These custom fields should be visible as optional columns in the Users display, and be updatable in bulk with the bulk update methods. They should also be a part of the user's individual profile.
The custom fields and their values would definitely also need to be available via API query, and ideally, to avoid the need for polling frequently, changing a custom field value should also send a webhook call to a URL defined by the reseller with the custom field and contain enough information to identify the record being edited by the API along with the updated valuie of the custom field with its name (contained in JSON post).
The custom field integration should either provide or allow for the creation of a secret key sent to the webhook for authentication as a bearer token.

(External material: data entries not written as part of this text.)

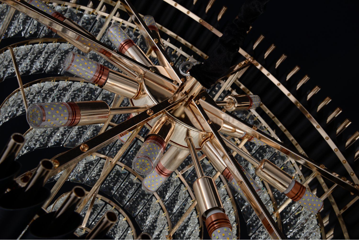 Люстра подвесная хрустальная 1020/03/15P Stilfort, серия Nixxa, цвет арматуры- золото и черный, цвет плафонов - без плафонов, лампы - 15*E14*40W, материал арматуры - металл, материал плафонов - без плафонов
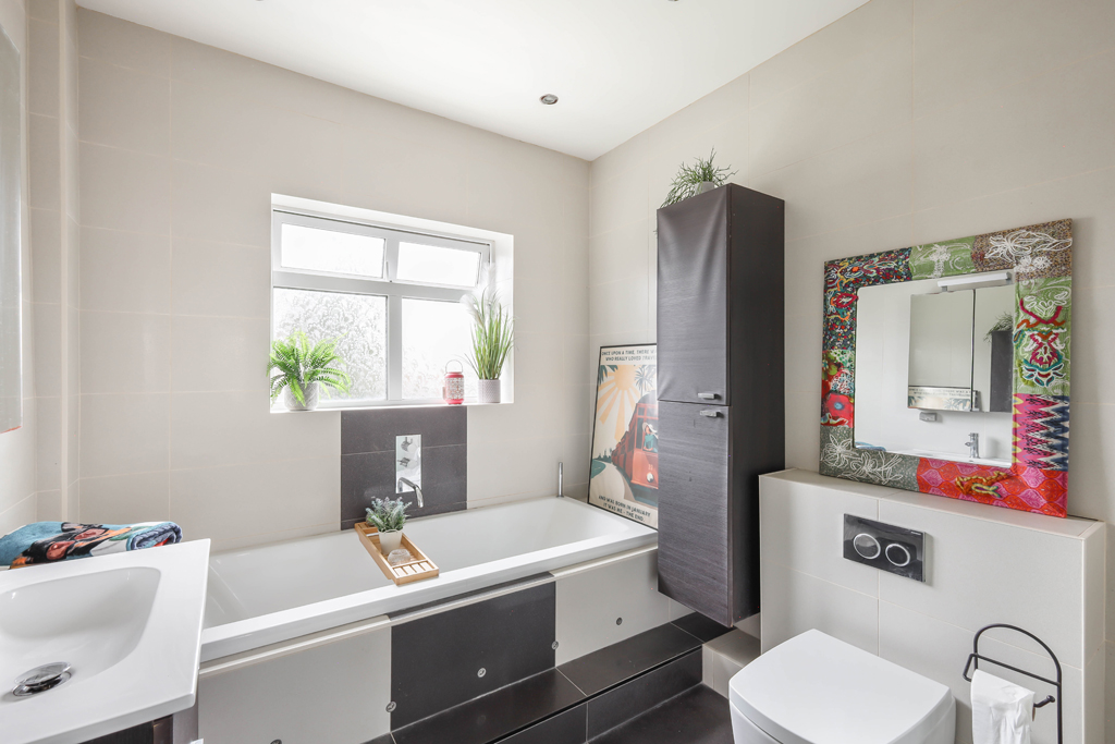 The stairs to the first floor give access to three bedrooms | The principal bedroom enjoys a large double room to the front with bay window | Bedroom two is a further generous double room | Bedroom three offers a single room with bay | Impressive family bathroom with contemporary four piece suite.
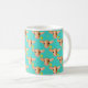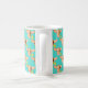 Esta adorável caneca de vaca turquesa apresenta cabeças de bezerros fofos segurando uma flor amarela. Perfeita para quem ama vacas, animais de fazenda ou desenhos divertidos de bezerros.
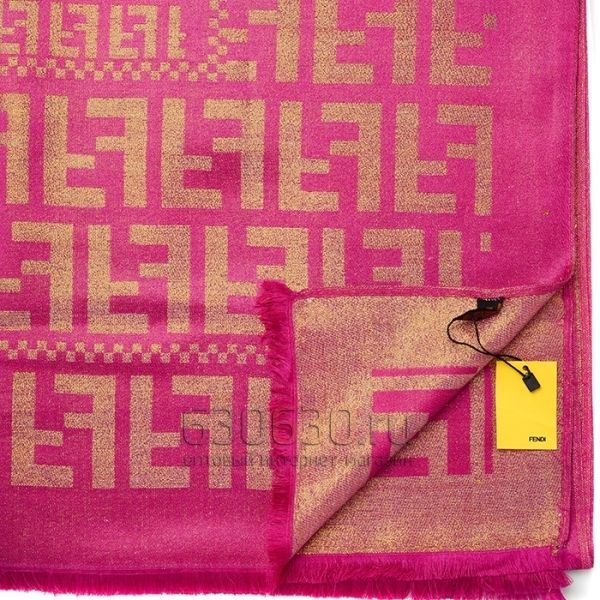Палантин 3D Fendi Двухсторонний (Светло-Вишневый/Золотистый)

This would allow for extensive custom integrations such as enabling or disabling third party VoIP applications, or allow for custom adjustments to other third party systems through the control panel at the request of resellers or end users (whether admin/office manager or not), depending on need and billable questions as determined by the reseller in custom field configuration.
With a robust enough system, custom integrations would be possible by resellers without additional development from OIT required in many cases, although custom OIT-developed integrations would still be ideal where possible due to server infrastructure and coding requirements that would still be required with custom fields.
(A well-done, but perhaps overengineered for purpose, custom field example is the custom fields for NinjaOne/NinjaRMM, especially the permissions, types, and tiering of multi-level fields, many of which are nice to have but not all are requirements to be useful here.)